What the task requires: Give the lines below again, exactly as they stand, and leave out the images.
*** Data ***
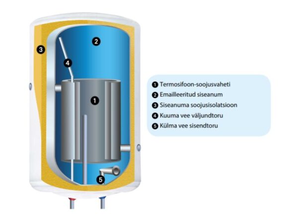 Võimas sisemine spiraalküttetorustik (kaudkütte võimalus).
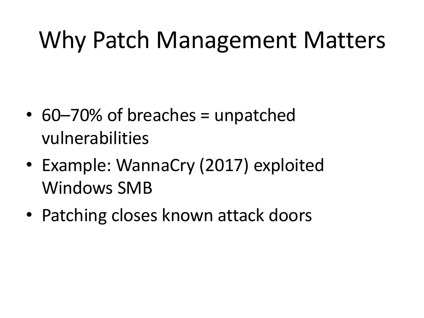 Why Patch Management Matters • 60–70% of breaches = unpatched
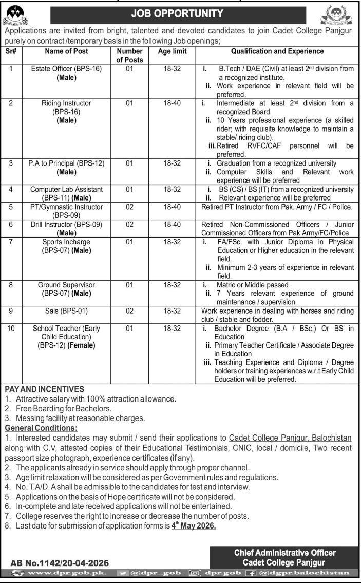 Cadet College Panjgur Jobs 2026 For School Teacher announce the Contract career opportunities for the post of See Below Ad in Balochistan, Panjgoor for the fresh and experienced candidates on Contract basis who have Check Advertisement degree. Posted date of this post is 21/04/2026 and the last date is 04/05/2026. if you are eligible for this job apply before due date.
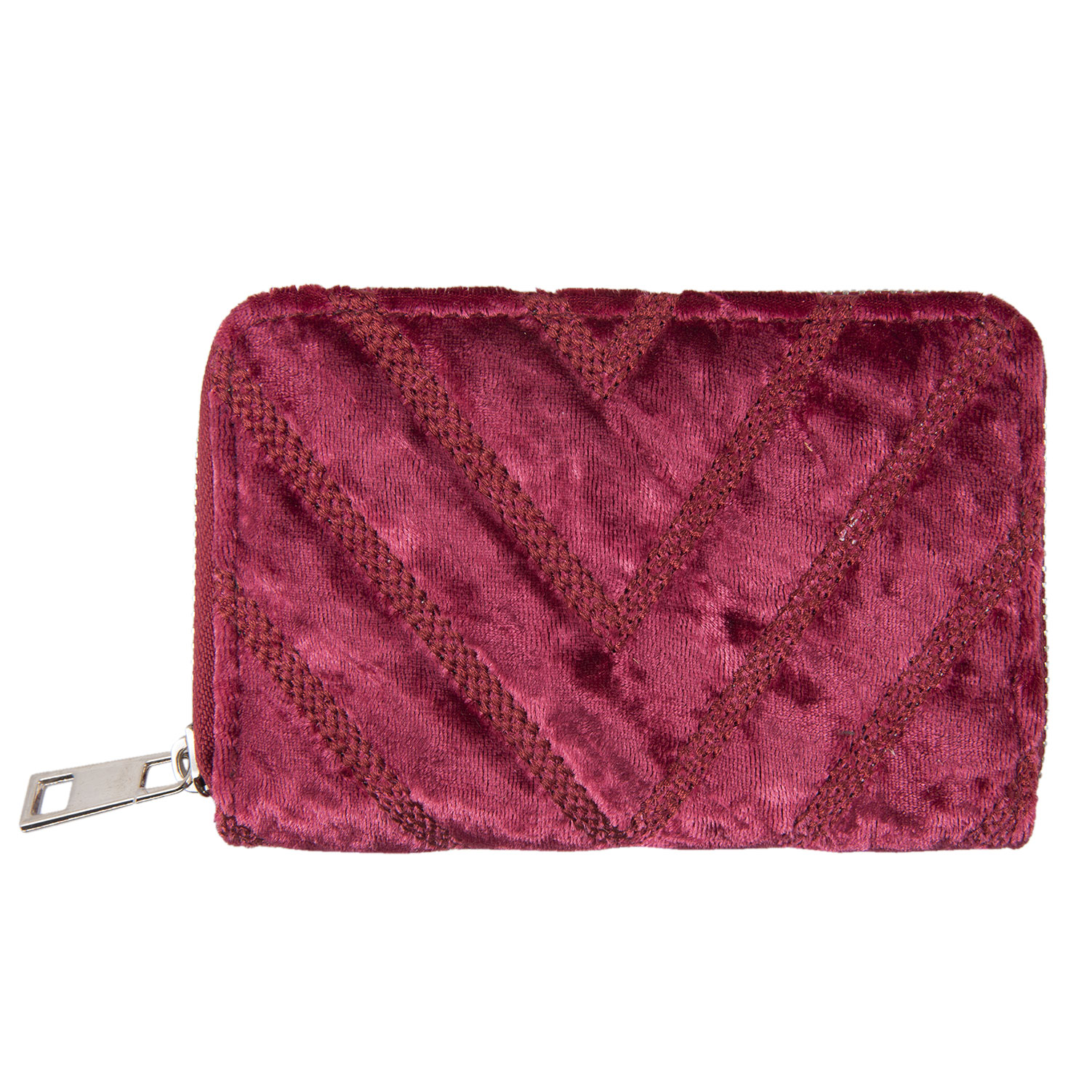 Burgundinpunainen vetoketjullinen lompakko samettimaisella pinnalla. Sisäpuoli musta. Neljä korttipaikkaa, kaksi avolokeroa ja pieni vetoketjullinen lokero. Mitat 13x9x2,5cm.
*** End of Data ***
Task answer:
 Võimas sisemine spiraalküttetorustik (kaudkütte võimalus).
 Why Patch Management Matters • 60–70% of breaches = unpatched
 Cadet College Panjgur Jobs 2026 For School Teacher announce the Contract career opportunities for the post of See Below Ad in Balochistan, Panjgoor for the fresh and experienced candidates on Contract basis who have Check Advertisement degree. Posted date of this post is 21/04/2026 and the last date is 04/05/2026. if you are eligible for this job apply before due date.
 Burgundinpunainen vetoketjullinen lompakko samettimaisella pinnalla. Sisäpuoli musta. Neljä korttipaikkaa, kaksi avolokeroa ja pieni vetoketjullinen lokero. Mitat 13x9x2,5cm.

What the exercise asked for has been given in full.